Suppose you are doing sentiment analysis for positive or negative movie comments. Suppose your training set consists of one positive and one negative comment

+: "I like this alot"
-: "I don't like this"

You construct your vocabulary as ["I","like","this","alot","don't"] and you compute the respective maximum likelihood probabilities for each word belonging to each sentiment $P(w_i|+), P(w_i|-)$ where $w_i$ is a word in your vocabulary.

Suppose that in your test set, you encounter the comment "I don't think this is good". Now, we haven't seen the words "is" and "good", so we discard them away. Then we are left with the words "I don't think this".

To carry out Naive Bayes classification, we have to compute the posterior probabilities of the sentence belonging to either the positive or negative class.

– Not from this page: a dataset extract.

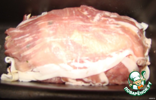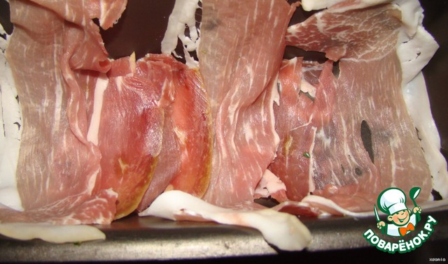 Дно формы выкладываем тонкими пластинами бекона или копченой грудинки, или вяленой ветчины.
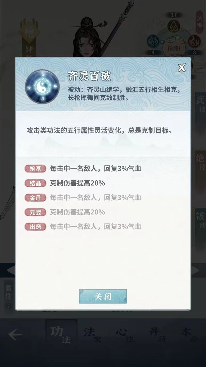 当学到两门心法并将它们提升到十重时,锁妖塔基本就能快速通关了。不过心法升级会消耗大量灵石和修为,差不多每天的精力都得用来转化为修为才行(第十重总共需要16万修为和对应的灵石)。另外要注意,师姐的心法金鼎功里,金系护盾能提升基础伤害,记得把装备词条换成金系护盾相关的(1命效果是开局直接释放技能叠加护盾)。

$P(-|\text{"I don't think this"}) \propto P(\text{"I"}|-)P(\text{"don't"}|-)P(\text{think"}|-)P(\text{"this"}|-)P(-)$.

$P(+|\text{"I don't think this"}) \propto P(\text{"I"}|+)P(\text{"don't"}|+)P(\text{think"}|+)P(\text{"this"}|+)P(+)$.

Notice that if you don't use laplace smoothing, $P(\text{"don't"}|+)$ will be 0, because "don't" does not appear in a positive comment. Therefore, we apply laplace smoothing to give some probability mass to words in our vocabulary that may not have been seen in a positive comment, but may have been seen in a negative comment.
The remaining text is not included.